(Collected data)
• • • • • • •
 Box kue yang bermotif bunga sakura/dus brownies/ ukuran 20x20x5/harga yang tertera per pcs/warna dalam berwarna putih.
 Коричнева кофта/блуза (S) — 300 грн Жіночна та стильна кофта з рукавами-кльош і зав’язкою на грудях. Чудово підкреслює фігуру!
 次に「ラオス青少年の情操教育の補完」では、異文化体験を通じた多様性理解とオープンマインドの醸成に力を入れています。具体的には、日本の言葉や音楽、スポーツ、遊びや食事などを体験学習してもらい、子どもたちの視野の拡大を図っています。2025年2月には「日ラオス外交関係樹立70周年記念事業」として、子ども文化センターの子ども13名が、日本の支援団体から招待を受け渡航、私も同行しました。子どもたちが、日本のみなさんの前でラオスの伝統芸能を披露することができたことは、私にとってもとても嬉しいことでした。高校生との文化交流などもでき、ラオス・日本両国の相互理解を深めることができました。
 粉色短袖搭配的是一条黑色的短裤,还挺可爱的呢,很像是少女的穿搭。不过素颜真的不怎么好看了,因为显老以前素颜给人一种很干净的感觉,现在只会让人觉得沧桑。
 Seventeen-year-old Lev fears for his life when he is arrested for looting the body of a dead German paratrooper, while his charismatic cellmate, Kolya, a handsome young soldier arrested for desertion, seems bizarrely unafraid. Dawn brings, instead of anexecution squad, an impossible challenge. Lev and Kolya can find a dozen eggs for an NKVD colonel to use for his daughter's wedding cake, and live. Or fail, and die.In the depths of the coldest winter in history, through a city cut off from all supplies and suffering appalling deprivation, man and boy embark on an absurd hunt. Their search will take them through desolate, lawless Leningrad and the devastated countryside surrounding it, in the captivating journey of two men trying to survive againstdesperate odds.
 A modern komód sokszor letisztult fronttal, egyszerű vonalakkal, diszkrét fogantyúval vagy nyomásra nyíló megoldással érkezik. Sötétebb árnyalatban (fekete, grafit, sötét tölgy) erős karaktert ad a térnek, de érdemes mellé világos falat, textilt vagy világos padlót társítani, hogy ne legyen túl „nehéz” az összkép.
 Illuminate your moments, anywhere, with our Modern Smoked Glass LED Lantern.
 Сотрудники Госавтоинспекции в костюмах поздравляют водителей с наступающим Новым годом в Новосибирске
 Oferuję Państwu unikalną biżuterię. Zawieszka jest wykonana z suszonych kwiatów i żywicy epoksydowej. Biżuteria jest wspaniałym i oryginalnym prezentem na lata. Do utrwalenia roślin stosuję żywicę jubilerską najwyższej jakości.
• • • • • • •
● Task to carry out
When you reach the end of the records, set them all down again exactly.

● Answer box
 Box kue yang bermotif bunga sakura/dus brownies/ ukuran 20x20x5/harga yang tertera per pcs/warna dalam berwarna putih.
 Коричнева кофта/блуза (S) — 300 грн Жіночна та стильна кофта з рукавами-кльош і зав’язкою на грудях. Чудово підкреслює фігуру!
 次に「ラオス青少年の情操教育の補完」では、異文化体験を通じた多様性理解とオープンマインドの醸成に力を入れています。具体的には、日本の言葉や音楽、スポーツ、遊びや食事などを体験学習してもらい、子どもたちの視野の拡大を図っています。2025年2月には「日ラオス外交関係樹立70周年記念事業」として、子ども文化センターの子ども13名が、日本の支援団体から招待を受け渡航、私も同行しました。子どもたちが、日本のみなさんの前でラオスの伝統芸能を披露することができたことは、私にとってもとても嬉しいことでした。高校生との文化交流などもでき、ラオス・日本両国の相互理解を深めることができました。
 粉色短袖搭配的是一条黑色的短裤,还挺可爱的呢,很像是少女的穿搭。不过素颜真的不怎么好看了,因为显老以前素颜给人一种很干净的感觉,现在只会让人觉得沧桑。
 Seventeen-year-old Lev fears for his life when he is arrested for looting the body of a dead German paratrooper, while his charismatic cellmate, Kolya, a handsome young soldier arrested for desertion, seems bizarrely unafraid. Dawn brings, instead of anexecution squad, an impossible challenge. Lev and Kolya can find a dozen eggs for an NKVD colonel to use for his daughter's wedding cake, and live. Or fail, and die.In the depths of the coldest winter in history, through a city cut off from all supplies and suffering appalling deprivation, man and boy embark on an absurd hunt. Their search will take them through desolate, lawless Leningrad and the devastated countryside surrounding it, in the captivating journey of two men trying to survive againstdesperate odds.
 A modern komód sokszor letisztult fronttal, egyszerű vonalakkal, diszkrét fogantyúval vagy nyomásra nyíló megoldással érkezik. Sötétebb árnyalatban (fekete, grafit, sötét tölgy) erős karaktert ad a térnek, de érdemes mellé világos falat, textilt vagy világos padlót társítani, hogy ne legyen túl „nehéz” az összkép.
 Illuminate your moments, anywhere, with our Modern Smoked Glass LED Lantern.
 Сотрудники Госавтоинспекции в костюмах поздравляют водителей с наступающим Новым годом в Новосибирске
 Oferuję Państwu unikalną biżuterię. Zawieszka jest wykonana z suszonych kwiatów i żywicy epoksydowej. Biżuteria jest wspaniałym i oryginalnym prezentem na lata. Do utrwalenia roślin stosuję żywicę jubilerską najwyższej jakości.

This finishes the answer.